Reputation: 41
The question is from the The Algorithm Design Manual. I have been working on it but haven't found a method to arrive at the right answer.
Question: We seek to sort a sequence S of n integers with many duplications, such that the number of distinct integers in S is O(log n). Give an O(n log log n) worst-case time algorithm to sort such sequences.
I think maybe can first pick all these distinct elements and form an array of logn length and then record the frequency and sort it. However the my first step seems to blow up running time too much...Is any superior selection method or is my method totally wrong? Thanks
Upvotes: 3
Views: 3649
Reputation: 52546
Create an array containing pairs of (unique numbers, count). The array is initially empty and kept sorted.
For each number in your original array, look the number up in the sorted array using binary search. Since the array has size O (log N), the binary search each time takes O (log log N), you do that N times, total O (N log log N). When found, you increase the count.

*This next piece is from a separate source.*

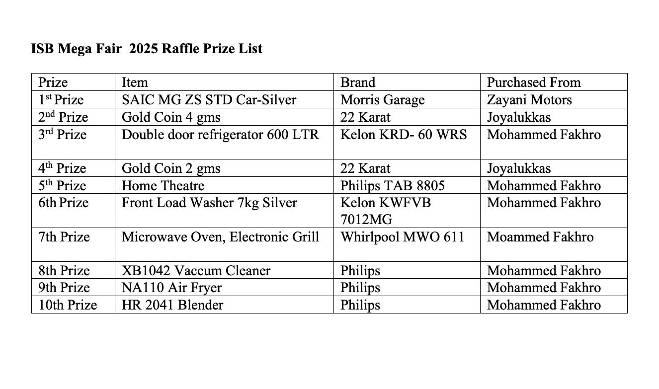 വൈവിധ്യമാർന്ന സമ്മാന പട്ടിക പ്ലാറ്റിനം ജൂബിലി മെഗാ ഫെയറിന്റെ വ്യാപ്തിയും സമൂഹത്തിന്റെ വിവിധ കോണുകളിൽ നിന്നും സ്കൂളിന് ലഭിക്കുന്ന മികച്ച പിന്തുണയും പ്രതിഫലിപ്പിക്കുന്നു. ഇന്ത്യൻ സ്കൂൾ മെഗാ ഫെയറിലേക്കുള്ള പ്രവേശനത്തിന് ടിക്കറ്റിനു 2 ദിനാർ ആയിരിക്കും. പൊതുജനപങ്കാളിത്തത്തിൽ ഇന്ത്യൻ സ്കൂളിന്റെ ചരിത്രത്തിൽ ഇതുവരെ സംഘടിപ്പിച്ചിട്ടുള്ളതിൽ വച്ച് ഏറ്റവും വലിയ സാംസ്കാരിക മേളയായിരിക്കും ഇത്തവണ സംഘടിപ്പിക്കുന്ന വാർഷിക ഫെയർ. രണ്ട് ദിവസത്തെ പരിപാടിയിൽ പതിനായിരക്കണക്കിന് വിദ്യാർത്ഥികൾ, രക്ഷിതാക്കൾ, പൂർവ്വ വിദ്യാർത്ഥികൾ, സന്ദർശകർ എന്നിവർ ഒത്തുചേരുമെന്ന് പ്രതീക്ഷിക്കപ്പെടുന്നു. മേളയുടെ വിജയത്തിനായി വിപുലമായ ഒരുക്കങ്ങൾ നടക്കുന്നുവരുന്നു. ലോജിസ്റ്റിക്സ്, പ്രോഗ്രാമുകൾ, സ്പോൺസർഷിപ്പുകൾ, അടിസ്ഥാന സൗകര്യങ്ങൾ എന്നിവയുമായി ബന്ധപ്പെട്ട കമ്മിറ്റികൾ സജീവമായി പ്രവർത്തിച്ചു വരുന്നു. അധ്യാപക വിദ്യാർത്ഥി ക്ഷേമ സംരംഭങ്ങൾക്കായാണ് മേള സംഘടിപ്പിക്കുന്നത്. പ്രശസ്ത കലാകാരന്മാർ പങ്കെടുക്കുന്ന സംഗീത മേള പരിപാടിയുടെ ഭാഗമായി ഒരുക്കിയിരിക്കുന്നു. ജനുവരി 15നു വ്യാഴാഴ്ച പ്രശസ്ത സംഗീതജ്ഞനും സംഗീതസംവിധായകനുമായ സ്റ്റീഫൻ ദേവസ്സിയും സംഘവും അവതരിപ്പിക്കുന്ന തത്സമയ സംഗീത കച്ചേരിയോടെ ആഘോഷങ്ങൾ ആരംഭിക്കും. കീബോർഡിലെ വൈദഗ്ധ്യത്തിനും നൂതനമായ സംഗീത സംയോജനത്തിനും പരക്കെ പ്രശംസ നേടിയ സ്റ്റീഫൻ ദേവസി, തന്റെ പ്രകടനങ്ങൾക്ക് ദേശീയവും അന്തർദേശീയവുമായ നിരവധി അംഗീകാരം നേടിയ കലാകാരനാണ്. ജനുവരി 16ന് വിദ്യാർത്ഥികളുടെ സാംസ്കാരിക പരിപാടികളോടെ ആഘോഷങ്ങൾ തുടരും, തുടർന്ന് പ്രശസ്ത പിന്നണി ഗായിക രൂപാലി ജഗ്ഗ നയിക്കുന്ന ഇമ്പമാർന്ന സംഗീത സായാഹ്നം അരങ്ങേറും. ഗായകൻ അഭിഷേക് സോണിയും സംഘവും ഒപ്പമുണ്ടാകും. മികച്ച ആലാപന മാധുര്യത്തിനും ചലനാത്മകമായ വേദി സാന്നിധ്യത്തിനും പേരുകേട്ട രൂപാലി ജഗ്ഗ അവിസ്മരണീയമായ പ്രകടനം ഒരുക്കും. ഒരു വർഷം നീളുന്ന പ്ലാറ്റിനം ജൂബിലി ആഘോഷങ്ങളുടെ ഒരു പ്രധാന ആകർഷണമായിരിക്കും ഇന്ത്യൻ സ്കൂൾ മേള. ജനുവരി 18 ന് മന്ത്രാലയ പ്രതിനിധികളുടെ സാന്നിധ്യത്തിൽ ഔദ്യോഗിക ചട്ടങ്ങൾ പാലിച്ച് റാഫിൾ നറുക്കെടുപ്പ് നടക്കും. ഇന്ത്യൻ സ്കൂൾ പ്ലാറ്റിനം ജൂബിലി മേള വിജയമാക്കാൻ ഏവരുടെയും സഹകരണവും പിന്തുണയും ഉണ്ടാവണമെന്ന് സ്കൂൾ ചെയർമാൻ അഡ്വ. ബിനു മണ്ണിൽ വറുഗീസ്, മേളയുടെ ജനറൽ കൺവീനർ ആർ രമേഷ് എന്നിവർ സന്ദേശത്തിൽ അഭ്യർത്ഥിച്ചു. സ്കൂളിന്റെ പ്ലാറ്റിനം ജൂബിലി വർഷത്തിലെ ഒരു ചരിത്രപരമായ നാഴികക്കല്ലാണ് ഈ പരിപാടി. മാതാപിതാക്കൾ, പൂർവ്വ വിദ്യാർത്ഥികൾ, അഭ്യുദയകാംക്ഷികൾ, പൊതുജനങ്ങൾ എന്നിവരെയും വലിയ തോതിൽ നടക്കുന്ന ഈ ആഘോഷങ്ങളിൽ പങ്കുചേരാനും ഭാരവാഹി

When not found, you insert the new number with a count of 1. This operation only happens O (log N) times, and is trivially done in O (log N) steps, for a total of O (log^2 N), which is much smaller than O (N log log N).

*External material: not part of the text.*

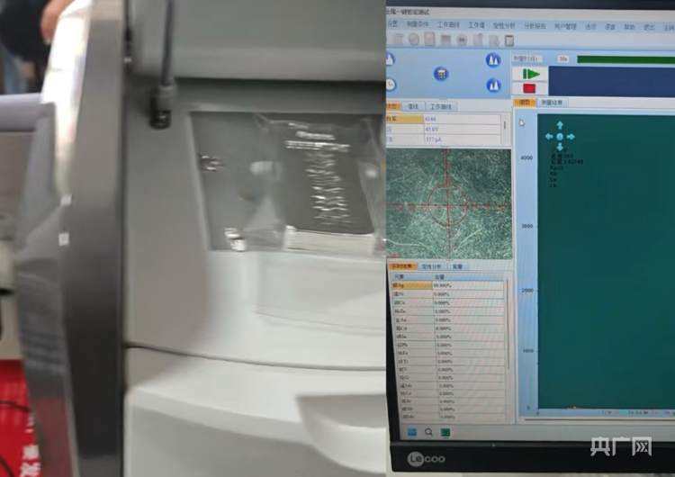 商家向记者展示的“道具投资银条”通过光谱仪检测的视频截图

When you are done, fill the original array with the required numbers. That takes O (N).
There's really no need to create a balanced sorted tree to make the insertions faster, because the set of unique numbers is so small.
If the set of integers is all contained in a range X ≤ number ≤ Y, then the problem can be solved in O (max (N, Y - X + 1)) using an array of X - Y + 1 counters and not even bothering to find unique numbers. The technique is reportedly used to great effect in Iain Banks' book "Player of Games".
Upvotes: 4
Reputation: 449
Use a balanced binary tree to calculate the number of occurrences of each number. Since there are only log N distinct numbers, the size of the tree is log N, and thus all operations is performed in log log N. (this is exactly how map<> is implemented is C++)
Then, just iterate the nodes of the tree in a pre-order traversal, and print each integer the required number of times in this order.
Upvotes: 6